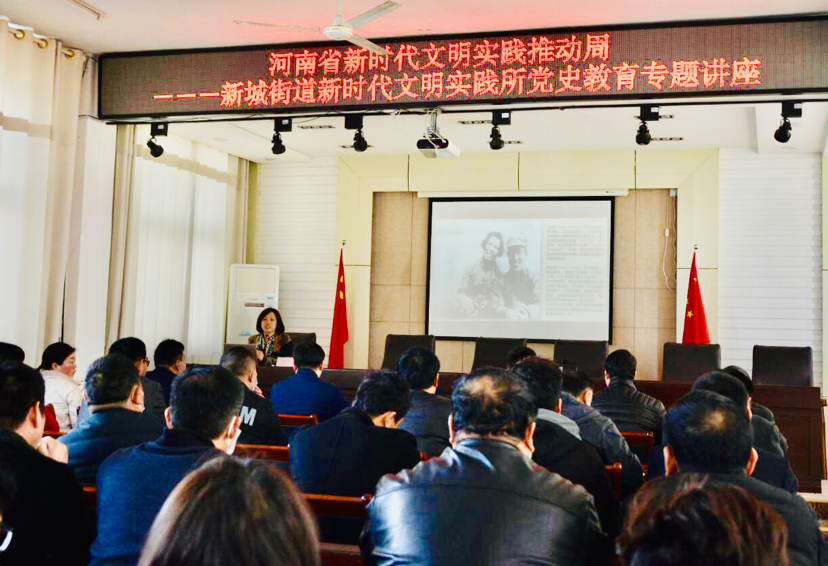 舉辦專題講座推進(jìn)學(xué)。新城街道黨工委邀請市委黨校黨史黨建研究專家為全體黨員干部職工上黨史課。通過回顧黨史、對照現(xiàn)實(shí)、反思自身,進(jìn)一步增強(qiáng)“四個意識”,堅(jiān)定“四個自信”,做到“兩個維護(hù)”,時時不忘身負(fù)的責(zé)任和使命,精益求精提高業(yè)務(wù)水平,踏實(shí)肯干爭當(dāng)崗位先鋒,真正做到理想銘記、信念在心,宗旨不忘、本色永存。
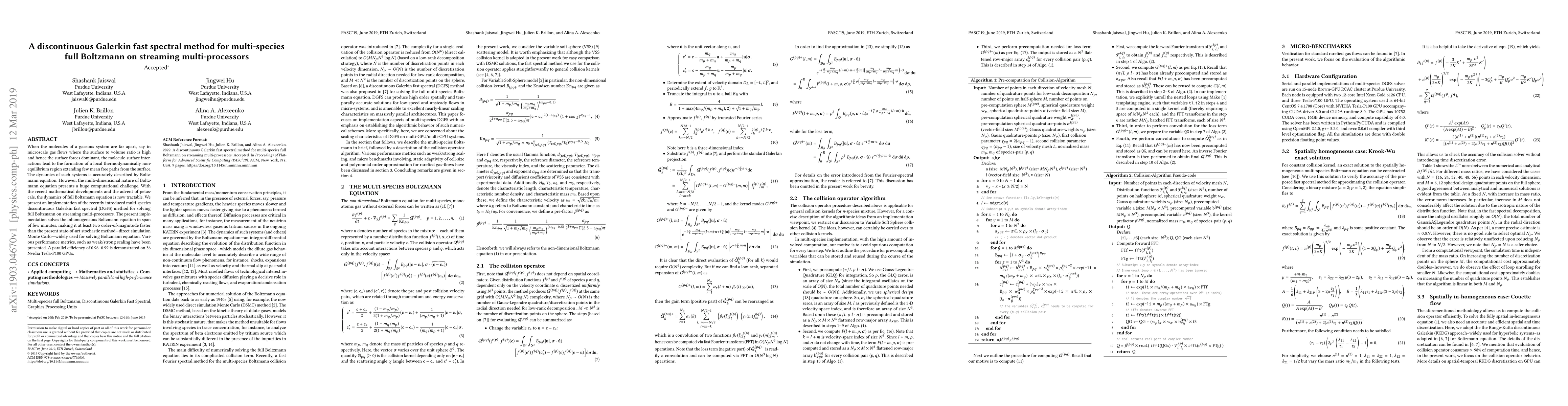 This paper introduces a discontinuous Galerkin fast spectral method (DGFS) for solving the multi-species full Boltzmann equation on streaming multi-processors, achieving significant speedups over the stochastic direct simulation Monte Carlo method. The implementation demonstrates high parallel efficiency on multiple GPUs.
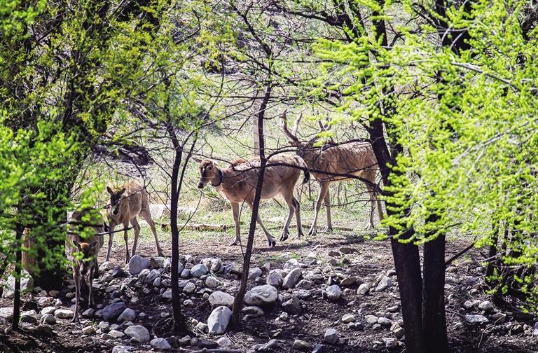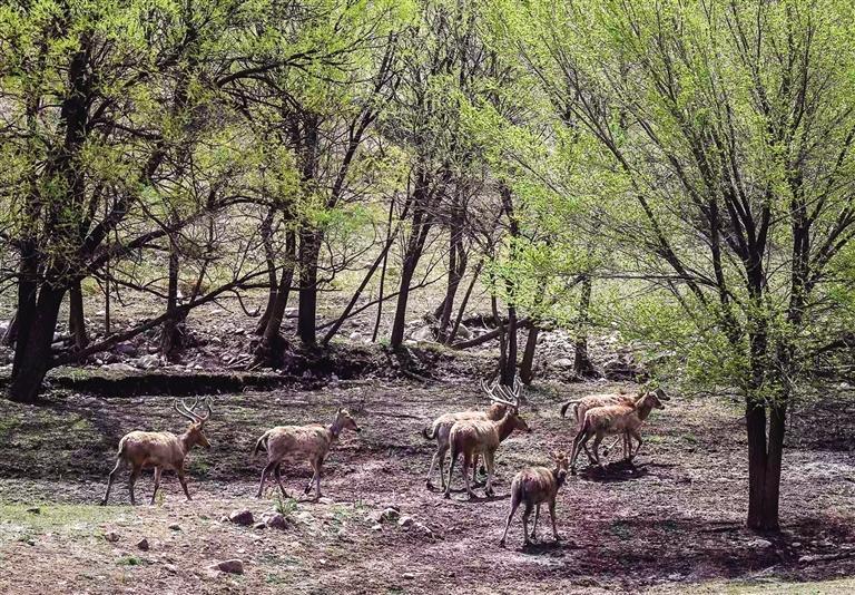 6月的内蒙古大青山国家级自然保护区(以下简称大青山保护区)草木初盛。在大青山保护区呼和浩特白石头沟内,一群麋鹿正悠闲地漫步于林间草地,时而低头觅食,时而昂首远眺,呦呦鹿鸣,野趣天成。
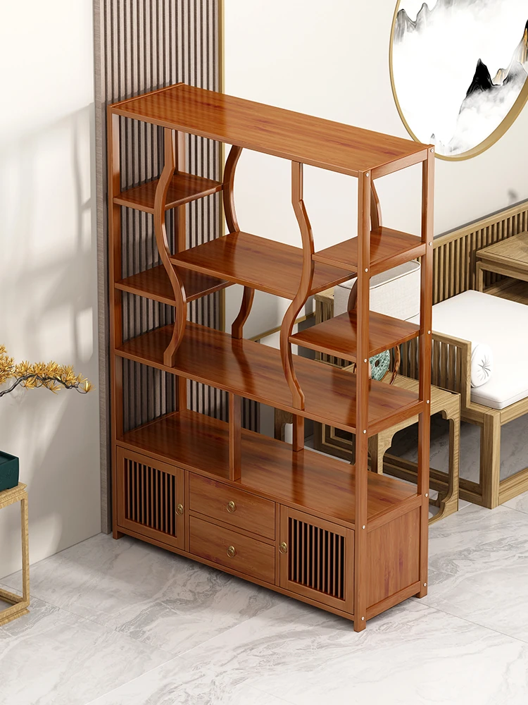 New Chinese Style Bamboo Entryway Display Shelf - Stylish Freestanding Partition Cabinet for Hallway, Perfect for Organizing and Showcasing Your Treasures
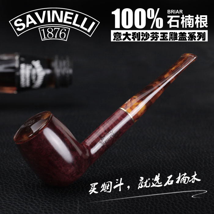 意大利沙芬SAVINELLI 手工石楠木烟斗 128 玉雕盖 光面直斗 9mm
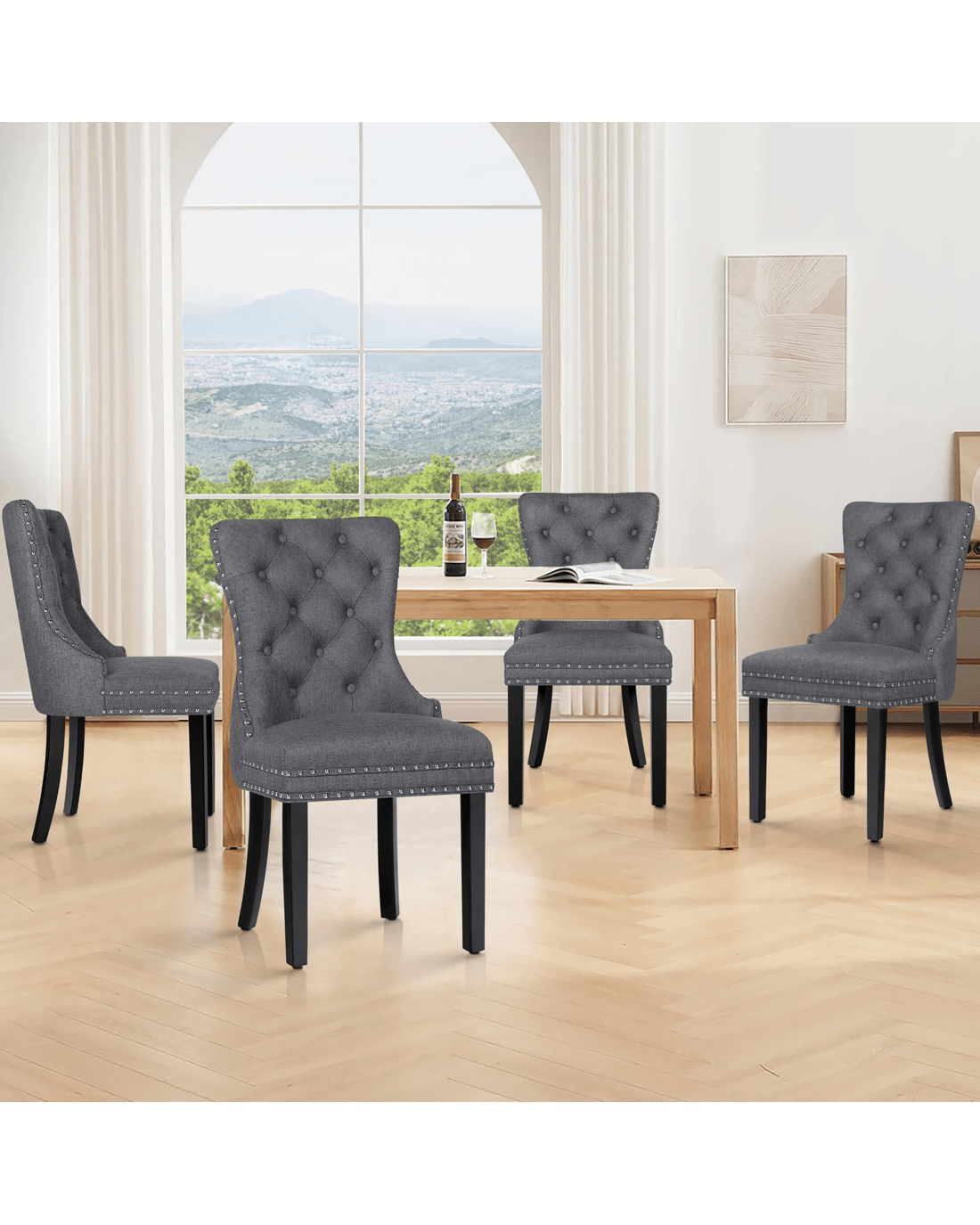 Ultimate comfort - Upholstered in premium linen fabric, the seat and backrest are generously padded with high-density foam, providing exceptional support and comfort. Combined with its ergonomically curved high-back design, our chair offers a delightful seating experience so that you and your guests can enjoy long, leisurely meals without discomfort.
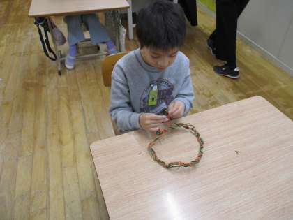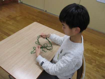 3組で収穫したサツマイモのツルを使って、リースを作りました。リボンや綿などの飾りをボンドで付けたり、折り紙で作った飾りを付けたり、それぞれに工夫をしながら楽しんで作ることができました。大きなまつぼっくりを使ってツリーも作りました。
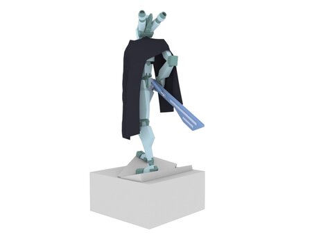 This character comes with a cloak object that animates in the wind using 3ds Max's Cloth modifier simulation. The FBX version of this character comes with the clock in its neutral "hanging" position for use in a cloth simulator of your choice.
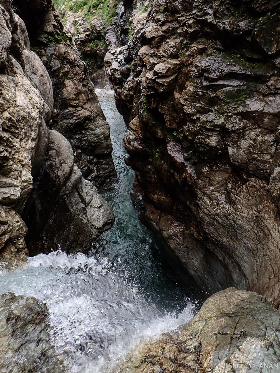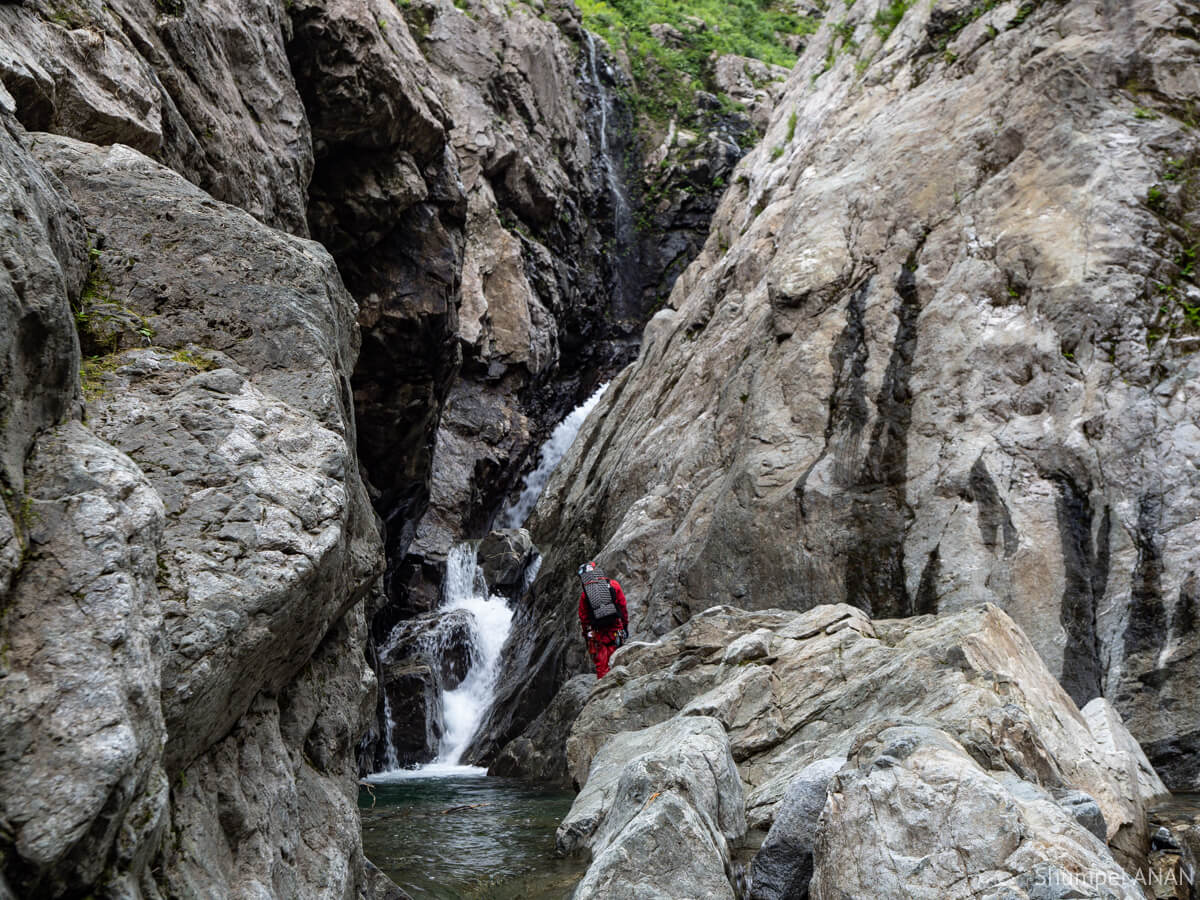 沢に降り立つと、すぐ背後はとんでもなく険しいゴルジュとなっている…! これは流石に登れないだろう。巻いてきて正解だった。

■ What is expected ■
Please give the material above again in full, with no pictures in your version.

■ Reply ■
 舉辦專題講座推進(jìn)學(xué)。新城街道黨工委邀請市委黨校黨史黨建研究專家為全體黨員干部職工上黨史課。通過回顧黨史、對照現(xiàn)實(shí)、反思自身,進(jìn)一步增強(qiáng)“四個意識”,堅(jiān)定“四個自信”,做到“兩個維護(hù)”,時時不忘身負(fù)的責(zé)任和使命,精益求精提高業(yè)務(wù)水平,踏實(shí)肯干爭當(dāng)崗位先鋒,真正做到理想銘記、信念在心,宗旨不忘、本色永存。
 This paper introduces a discontinuous Galerkin fast spectral method (DGFS) for solving the multi-species full Boltzmann equation on streaming multi-processors, achieving significant speedups over the stochastic direct simulation Monte Carlo method. The implementation demonstrates high parallel efficiency on multiple GPUs.
 6月的内蒙古大青山国家级自然保护区(以下简称大青山保护区)草木初盛。在大青山保护区呼和浩特白石头沟内,一群麋鹿正悠闲地漫步于林间草地,时而低头觅食,时而昂首远眺,呦呦鹿鸣,野趣天成。
 New Chinese Style Bamboo Entryway Display Shelf - Stylish Freestanding Partition Cabinet for Hallway, Perfect for Organizing and Showcasing Your Treasures
 意大利沙芬SAVINELLI 手工石楠木烟斗 128 玉雕盖 光面直斗 9mm
 Ultimate comfort - Upholstered in premium linen fabric, the seat and backrest are generously padded with high-density foam, providing exceptional support and comfort. Combined with its ergonomically curved high-back design, our chair offers a delightful seating experience so that you and your guests can enjoy long, leisurely meals without discomfort.
 3組で収穫したサツマイモのツルを使って、リースを作りました。リボンや綿などの飾りをボンドで付けたり、折り紙で作った飾りを付けたり、それぞれに工夫をしながら楽しんで作ることができました。大きなまつぼっくりを使ってツリーも作りました。
 This character comes with a cloak object that animates in the wind using 3ds Max's Cloth modifier simulation. The FBX version of this character comes with the clock in its neutral "hanging" position for use in a cloth simulator of your choice.
 沢に降り立つと、すぐ背後はとんでもなく険しいゴルジュとなっている…! これは流石に登れないだろう。巻いてきて正解だった。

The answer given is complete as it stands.